:: RECORDED INFORMATION

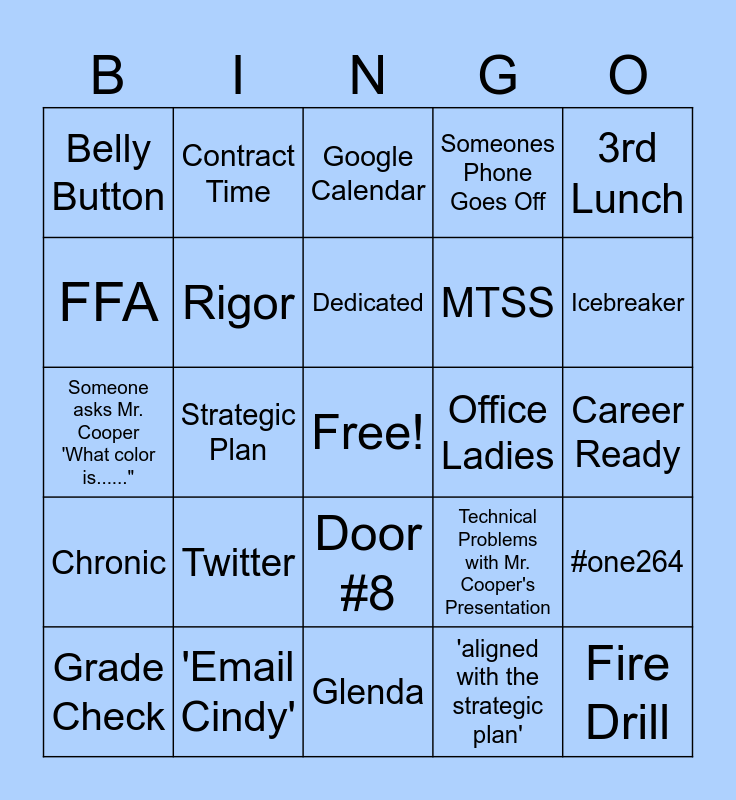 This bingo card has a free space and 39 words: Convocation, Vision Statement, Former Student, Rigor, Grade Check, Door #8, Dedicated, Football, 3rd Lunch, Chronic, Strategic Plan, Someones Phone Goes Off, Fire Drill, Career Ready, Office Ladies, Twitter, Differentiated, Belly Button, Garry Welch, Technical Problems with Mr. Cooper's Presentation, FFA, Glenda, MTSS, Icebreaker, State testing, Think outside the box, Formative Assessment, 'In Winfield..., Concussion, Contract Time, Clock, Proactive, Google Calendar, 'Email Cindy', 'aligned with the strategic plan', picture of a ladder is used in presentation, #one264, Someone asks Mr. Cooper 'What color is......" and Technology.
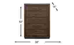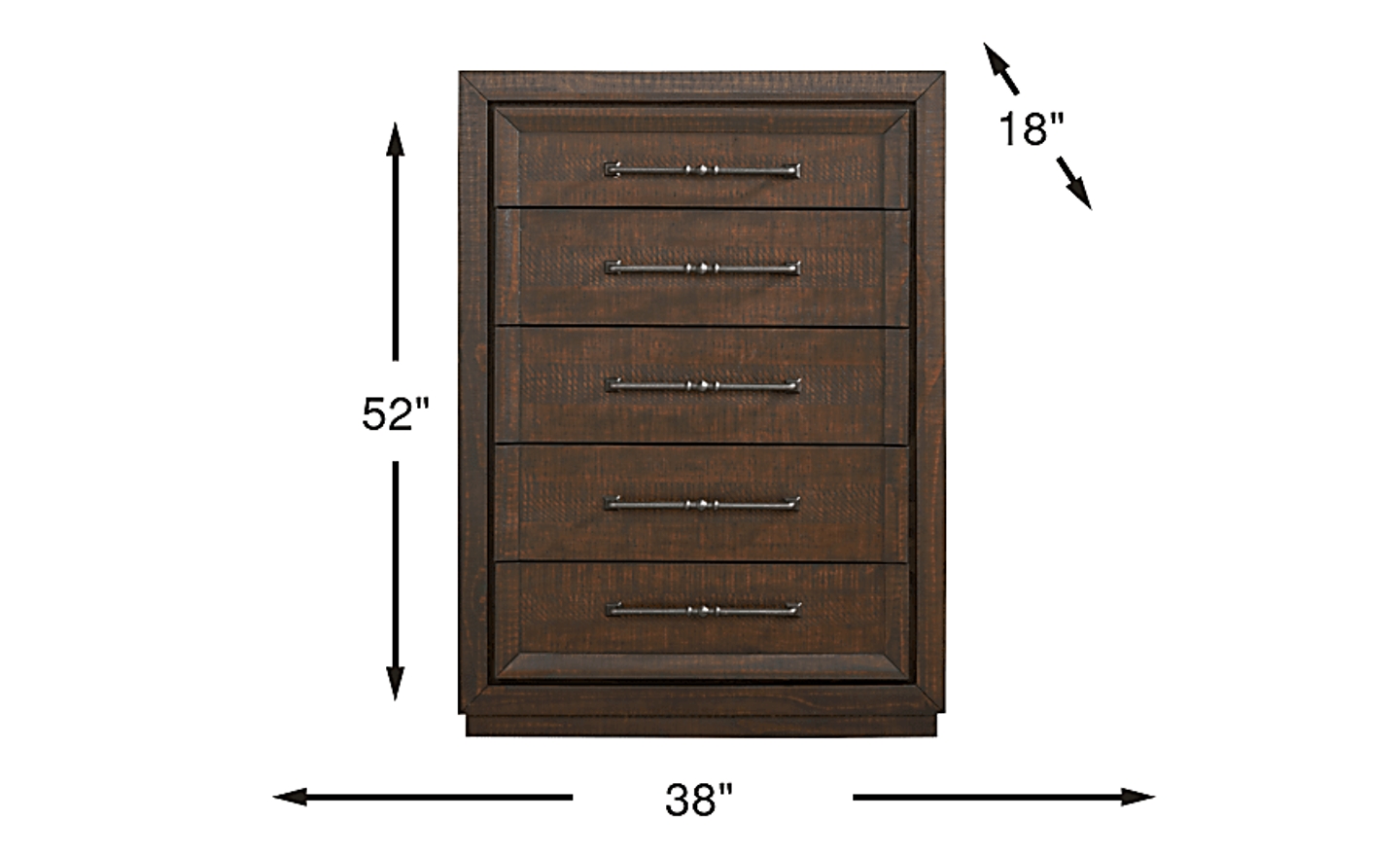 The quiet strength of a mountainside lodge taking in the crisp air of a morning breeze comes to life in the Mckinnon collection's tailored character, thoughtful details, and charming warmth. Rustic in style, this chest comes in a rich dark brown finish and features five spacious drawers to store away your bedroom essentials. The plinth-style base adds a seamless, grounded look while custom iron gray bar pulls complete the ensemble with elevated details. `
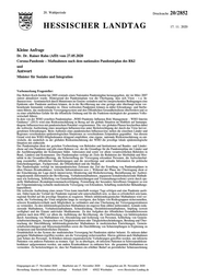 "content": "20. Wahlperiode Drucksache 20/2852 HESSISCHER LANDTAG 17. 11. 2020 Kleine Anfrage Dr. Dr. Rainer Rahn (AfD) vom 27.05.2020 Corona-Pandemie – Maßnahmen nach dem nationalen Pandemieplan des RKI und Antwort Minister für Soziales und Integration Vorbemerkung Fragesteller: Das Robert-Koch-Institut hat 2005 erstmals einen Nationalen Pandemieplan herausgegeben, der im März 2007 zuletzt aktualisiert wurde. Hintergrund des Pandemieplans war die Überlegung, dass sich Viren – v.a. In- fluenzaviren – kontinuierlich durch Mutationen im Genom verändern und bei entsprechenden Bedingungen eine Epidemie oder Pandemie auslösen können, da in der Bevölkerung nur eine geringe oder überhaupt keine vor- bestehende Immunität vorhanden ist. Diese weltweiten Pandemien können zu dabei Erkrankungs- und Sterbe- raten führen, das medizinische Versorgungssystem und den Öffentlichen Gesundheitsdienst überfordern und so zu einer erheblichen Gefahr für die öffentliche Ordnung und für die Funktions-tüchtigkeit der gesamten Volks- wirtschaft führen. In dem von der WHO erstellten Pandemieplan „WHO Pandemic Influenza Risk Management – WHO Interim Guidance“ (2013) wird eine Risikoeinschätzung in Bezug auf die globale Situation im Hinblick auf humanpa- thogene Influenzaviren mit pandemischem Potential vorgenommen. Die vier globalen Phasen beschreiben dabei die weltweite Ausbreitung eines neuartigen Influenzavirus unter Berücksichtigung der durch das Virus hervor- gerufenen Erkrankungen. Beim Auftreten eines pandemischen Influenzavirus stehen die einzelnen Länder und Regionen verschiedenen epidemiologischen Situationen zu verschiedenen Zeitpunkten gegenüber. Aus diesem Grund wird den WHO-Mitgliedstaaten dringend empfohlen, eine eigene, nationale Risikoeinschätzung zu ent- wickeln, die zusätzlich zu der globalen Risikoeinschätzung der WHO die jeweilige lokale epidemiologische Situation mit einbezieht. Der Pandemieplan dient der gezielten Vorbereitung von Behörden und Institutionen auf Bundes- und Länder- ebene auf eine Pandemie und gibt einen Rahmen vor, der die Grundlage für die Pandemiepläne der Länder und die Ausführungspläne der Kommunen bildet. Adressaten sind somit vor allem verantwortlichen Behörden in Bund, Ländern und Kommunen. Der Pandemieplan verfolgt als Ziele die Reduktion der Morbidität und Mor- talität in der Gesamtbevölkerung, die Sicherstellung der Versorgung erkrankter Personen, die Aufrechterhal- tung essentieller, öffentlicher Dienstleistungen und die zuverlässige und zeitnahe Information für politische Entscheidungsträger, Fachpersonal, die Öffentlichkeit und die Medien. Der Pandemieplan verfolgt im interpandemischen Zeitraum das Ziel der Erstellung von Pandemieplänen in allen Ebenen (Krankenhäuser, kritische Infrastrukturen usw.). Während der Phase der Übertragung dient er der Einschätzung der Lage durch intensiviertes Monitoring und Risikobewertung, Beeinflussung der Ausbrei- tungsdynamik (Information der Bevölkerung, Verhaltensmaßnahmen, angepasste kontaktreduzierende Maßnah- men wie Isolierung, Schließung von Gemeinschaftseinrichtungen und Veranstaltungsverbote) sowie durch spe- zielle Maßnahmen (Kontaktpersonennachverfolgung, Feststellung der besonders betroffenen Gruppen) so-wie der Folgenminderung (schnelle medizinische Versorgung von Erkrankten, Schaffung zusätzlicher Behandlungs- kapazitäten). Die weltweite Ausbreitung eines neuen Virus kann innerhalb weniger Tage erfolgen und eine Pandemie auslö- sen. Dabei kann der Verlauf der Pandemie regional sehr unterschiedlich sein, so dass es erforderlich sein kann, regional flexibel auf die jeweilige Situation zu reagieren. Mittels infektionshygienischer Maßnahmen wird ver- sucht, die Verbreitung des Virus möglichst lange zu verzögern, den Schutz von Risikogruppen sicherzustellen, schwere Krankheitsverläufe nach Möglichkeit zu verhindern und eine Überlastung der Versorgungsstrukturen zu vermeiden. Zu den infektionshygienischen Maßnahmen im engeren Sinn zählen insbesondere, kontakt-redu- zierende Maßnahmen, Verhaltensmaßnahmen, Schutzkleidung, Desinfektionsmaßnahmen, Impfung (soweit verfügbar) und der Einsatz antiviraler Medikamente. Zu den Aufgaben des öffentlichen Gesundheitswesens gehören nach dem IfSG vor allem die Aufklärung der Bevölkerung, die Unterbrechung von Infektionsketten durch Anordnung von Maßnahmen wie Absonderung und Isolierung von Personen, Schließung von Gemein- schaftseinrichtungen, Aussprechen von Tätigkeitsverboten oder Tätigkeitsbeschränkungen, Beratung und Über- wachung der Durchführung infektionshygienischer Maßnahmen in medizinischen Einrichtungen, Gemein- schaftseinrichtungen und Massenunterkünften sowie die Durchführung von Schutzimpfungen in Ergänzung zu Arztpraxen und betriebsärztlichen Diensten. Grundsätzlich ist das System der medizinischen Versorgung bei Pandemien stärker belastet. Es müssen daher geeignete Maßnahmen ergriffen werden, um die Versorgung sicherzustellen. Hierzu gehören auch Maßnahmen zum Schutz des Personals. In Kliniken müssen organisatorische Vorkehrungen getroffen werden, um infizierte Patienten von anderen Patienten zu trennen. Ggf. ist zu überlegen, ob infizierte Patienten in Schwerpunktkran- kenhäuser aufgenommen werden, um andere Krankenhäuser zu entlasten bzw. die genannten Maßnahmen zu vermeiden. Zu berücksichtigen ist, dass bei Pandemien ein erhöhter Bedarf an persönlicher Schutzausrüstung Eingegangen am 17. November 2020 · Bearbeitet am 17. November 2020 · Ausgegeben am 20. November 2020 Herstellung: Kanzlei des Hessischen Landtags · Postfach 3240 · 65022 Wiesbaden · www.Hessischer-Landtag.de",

::::

WORK INSTRUCTION. Images should not appear in the copy; retype the listing above exactly.

ANSWER BOX.
 This bingo card has a free space and 39 words: Convocation, Vision Statement, Former Student, Rigor, Grade Check, Door #8, Dedicated, Football, 3rd Lunch, Chronic, Strategic Plan, Someones Phone Goes Off, Fire Drill, Career Ready, Office Ladies, Twitter, Differentiated, Belly Button, Garry Welch, Technical Problems with Mr. Cooper's Presentation, FFA, Glenda, MTSS, Icebreaker, State testing, Think outside the box, Formative Assessment, 'In Winfield..., Concussion, Contract Time, Clock, Proactive, Google Calendar, 'Email Cindy', 'aligned with the strategic plan', picture of a ladder is used in presentation, #one264, Someone asks Mr. Cooper 'What color is......" and Technology.
 The quiet strength of a mountainside lodge taking in the crisp air of a morning breeze comes to life in the Mckinnon collection's tailored character, thoughtful details, and charming warmth. Rustic in style, this chest comes in a rich dark brown finish and features five spacious drawers to store away your bedroom essentials. The plinth-style base adds a seamless, grounded look while custom iron gray bar pulls complete the ensemble with elevated details. `
 "content": "20. Wahlperiode Drucksache 20/2852 HESSISCHER LANDTAG 17. 11. 2020 Kleine Anfrage Dr. Dr. Rainer Rahn (AfD) vom 27.05.2020 Corona-Pandemie – Maßnahmen nach dem nationalen Pandemieplan des RKI und Antwort Minister für Soziales und Integration Vorbemerkung Fragesteller: Das Robert-Koch-Institut hat 2005 erstmals einen Nationalen Pandemieplan herausgegeben, der im März 2007 zuletzt aktualisiert wurde. Hintergrund des Pandemieplans war die Überlegung, dass sich Viren – v.a. In- fluenzaviren – kontinuierlich durch Mutationen im Genom verändern und bei entsprechenden Bedingungen eine Epidemie oder Pandemie auslösen können, da in der Bevölkerung nur eine geringe oder überhaupt keine vor- bestehende Immunität vorhanden ist. Diese weltweiten Pandemien können zu dabei Erkrankungs- und Sterbe- raten führen, das medizinische Versorgungssystem und den Öffentlichen Gesundheitsdienst überfordern und so zu einer erheblichen Gefahr für die öffentliche Ordnung und für die Funktions-tüchtigkeit der gesamten Volks- wirtschaft führen. In dem von der WHO erstellten Pandemieplan „WHO Pandemic Influenza Risk Management – WHO Interim Guidance“ (2013) wird eine Risikoeinschätzung in Bezug auf die globale Situation im Hinblick auf humanpa- thogene Influenzaviren mit pandemischem Potential vorgenommen. Die vier globalen Phasen beschreiben dabei die weltweite Ausbreitung eines neuartigen Influenzavirus unter Berücksichtigung der durch das Virus hervor- gerufenen Erkrankungen. Beim Auftreten eines pandemischen Influenzavirus stehen die einzelnen Länder und Regionen verschiedenen epidemiologischen Situationen zu verschiedenen Zeitpunkten gegenüber. Aus diesem Grund wird den WHO-Mitgliedstaaten dringend empfohlen, eine eigene, nationale Risikoeinschätzung zu ent- wickeln, die zusätzlich zu der globalen Risikoeinschätzung der WHO die jeweilige lokale epidemiologische Situation mit einbezieht. Der Pandemieplan dient der gezielten Vorbereitung von Behörden und Institutionen auf Bundes- und Länder- ebene auf eine Pandemie und gibt einen Rahmen vor, der die Grundlage für die Pandemiepläne der Länder und die Ausführungspläne der Kommunen bildet. Adressaten sind somit vor allem verantwortlichen Behörden in Bund, Ländern und Kommunen. Der Pandemieplan verfolgt als Ziele die Reduktion der Morbidität und Mor- talität in der Gesamtbevölkerung, die Sicherstellung der Versorgung erkrankter Personen, die Aufrechterhal- tung essentieller, öffentlicher Dienstleistungen und die zuverlässige und zeitnahe Information für politische Entscheidungsträger, Fachpersonal, die Öffentlichkeit und die Medien. Der Pandemieplan verfolgt im interpandemischen Zeitraum das Ziel der Erstellung von Pandemieplänen in allen Ebenen (Krankenhäuser, kritische Infrastrukturen usw.). Während der Phase der Übertragung dient er der Einschätzung der Lage durch intensiviertes Monitoring und Risikobewertung, Beeinflussung der Ausbrei- tungsdynamik (Information der Bevölkerung, Verhaltensmaßnahmen, angepasste kontaktreduzierende Maßnah- men wie Isolierung, Schließung von Gemeinschaftseinrichtungen und Veranstaltungsverbote) sowie durch spe- zielle Maßnahmen (Kontaktpersonennachverfolgung, Feststellung der besonders betroffenen Gruppen) so-wie der Folgenminderung (schnelle medizinische Versorgung von Erkrankten, Schaffung zusätzlicher Behandlungs- kapazitäten). Die weltweite Ausbreitung eines neuen Virus kann innerhalb weniger Tage erfolgen und eine Pandemie auslö- sen. Dabei kann der Verlauf der Pandemie regional sehr unterschiedlich sein, so dass es erforderlich sein kann, regional flexibel auf die jeweilige Situation zu reagieren. Mittels infektionshygienischer Maßnahmen wird ver- sucht, die Verbreitung des Virus möglichst lange zu verzögern, den Schutz von Risikogruppen sicherzustellen, schwere Krankheitsverläufe nach Möglichkeit zu verhindern und eine Überlastung der Versorgungsstrukturen zu vermeiden. Zu den infektionshygienischen Maßnahmen im engeren Sinn zählen insbesondere, kontakt-redu- zierende Maßnahmen, Verhaltensmaßnahmen, Schutzkleidung, Desinfektionsmaßnahmen, Impfung (soweit verfügbar) und der Einsatz antiviraler Medikamente. Zu den Aufgaben des öffentlichen Gesundheitswesens gehören nach dem IfSG vor allem die Aufklärung der Bevölkerung, die Unterbrechung von Infektionsketten durch Anordnung von Maßnahmen wie Absonderung und Isolierung von Personen, Schließung von Gemein- schaftseinrichtungen, Aussprechen von Tätigkeitsverboten oder Tätigkeitsbeschränkungen, Beratung und Über- wachung der Durchführung infektionshygienischer Maßnahmen in medizinischen Einrichtungen, Gemein- schaftseinrichtungen und Massenunterkünften sowie die Durchführung von Schutzimpfungen in Ergänzung zu Arztpraxen und betriebsärztlichen Diensten. Grundsätzlich ist das System der medizinischen Versorgung bei Pandemien stärker belastet. Es müssen daher geeignete Maßnahmen ergriffen werden, um die Versorgung sicherzustellen. Hierzu gehören auch Maßnahmen zum Schutz des Personals. In Kliniken müssen organisatorische Vorkehrungen getroffen werden, um infizierte Patienten von anderen Patienten zu trennen. Ggf. ist zu überlegen, ob infizierte Patienten in Schwerpunktkran- kenhäuser aufgenommen werden, um andere Krankenhäuser zu entlasten bzw. die genannten Maßnahmen zu vermeiden. Zu berücksichtigen ist, dass bei Pandemien ein erhöhter Bedarf an persönlicher Schutzausrüstung Eingegangen am 17. November 2020 · Bearbeitet am 17. November 2020 · Ausgegeben am 20. November 2020 Herstellung: Kanzlei des Hessischen Landtags · Postfach 3240 · 65022 Wiesbaden · www.Hessischer-Landtag.de",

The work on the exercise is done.